Step 5: IAM — Least-Privilege Roles
# iam.tf
# Inference instance role — can only read models from S3 and write to SQS
resource "aws_iam_role" "inference" {
name = "inference-instance-${terraform.workspace}"
assume_role_policy = jsonencode({
Version = "2012-10-17"
Statement = [{
Effect = "Allow"
Principal = { Service = "ec2.amazonaws.com" }
Action = "sts:AssumeRole"
}]
})
}
resource "aws_iam_role_policy" "inference_permissions" {
name = "inference-permissions"
role = aws_iam_role.inference.id
policy = jsonencode({
Version = "2012-10-17"
Statement = [
{
Sid = "ReadModelWeights"
Effect = "Allow"
Action = ["s3:GetObject", "s3:ListBucket"]
Resource = [
"arn:aws:s3:::${var.model_bucket}",
"arn:aws:s3:::${var.model_bucket}/*"
]
},
{
Sid = "ConsumeInferenceQueue"
Effect = "Allow"
Action = [
"sqs:ReceiveMessage",
"sqs:DeleteMessage",
"sqs:GetQueueAttributes",
"sqs:ChangeMessageVisibility"
]
Resource = aws_sqs_queue.inference.arn
}
]
})
}
# Lambda role — can only update the one ASG it owns
resource "aws_iam_role" "scale_to_zero_lambda" {
name = "scale-to-zero-lambda-${terraform.workspace}"

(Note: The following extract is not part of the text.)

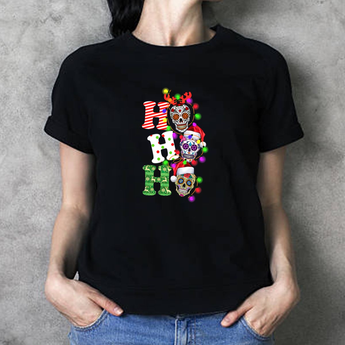 Celebrate the holiday season in style with our Ho Ho Ho Sugar Skull Christmas Lights Santa Hats Reindeer Antlers T-Shirt! Perfect for festive gatherings, themed events, or simply spreading cheer on a casual day out, this unique design combines traditional Christmas elements with a vibrant twist. Made for those who love to express their individuality, this shirt is a must-have for anyone looking to add a fun flair to their holiday wardrobe.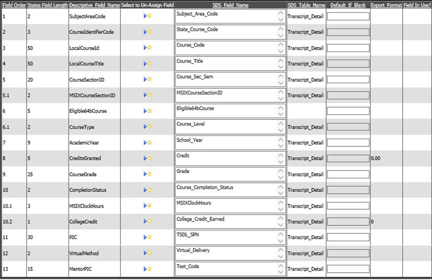 o The following fields (from subreport layout MSDS TSDL-StudentCourse) are reported for each course in transcripts for the current school year.

assume_role_policy = jsonencode({
Version = "2012-10-17"
Statement = [{
Effect = "Allow"
Principal = { Service = "lambda.amazonaws.com" }
Action = "sts:AssumeRole"
}]
})
}
resource "aws_iam_role_policy" "scale_to_zero_permissions" {
name = "asg-scale-permissions"
role = aws_iam_role.scale_to_zero_lambda.id
policy = jsonencode({
Version = "2012-10-17"
Statement = [
{
Effect = "Allow"
Action = [
"autoscaling:UpdateAutoScalingGroup",
"autoscaling:SuspendProcesses",
"autoscaling:ResumeProcesses"
]
Resource = aws_autoscaling_group.inference.arn
},
{
Effect = "Allow"
Action = ["logs:CreateLogGroup", "logs:CreateLogStream", "logs:PutLogEvents"]

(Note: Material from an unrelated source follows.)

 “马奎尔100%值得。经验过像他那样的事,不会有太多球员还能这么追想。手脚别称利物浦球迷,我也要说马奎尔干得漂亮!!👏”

Resource = "arn:aws:logs:*:*:*"
}
]
})
}
Step 6: Bootstrap Script for GPU Instance Startup
The bootstrap.sh referenced in the launch template. This runs on every new instance:
#!/bin/bash
# scripts/bootstrap.sh
# Runs on instance startup — pulls model weights and starts inference server
set -euo pipefail
MODEL_S3_PATH="${model_s3_path}"
SQS_QUEUE_URL="${sqs_queue_url}"
WORKSPACE="${workspace}"
echo "[bootstrap] Starting inference node for workspace: $WORKSPACE"
# Pull model weights from S3 to local NVMe
# aws s3 sync is resumable — spot interruptions mid-download won't re-download from scratch
mkdir -p /opt/models
aws s3 sync "$MODEL_S3_PATH" /opt/models/ \
--no-progress \
--only-show-errors
echo "[bootstrap] Model weights synced"
# Install inference server (adjust for your stack — vLLM, TGI, Ollama serve, etc.)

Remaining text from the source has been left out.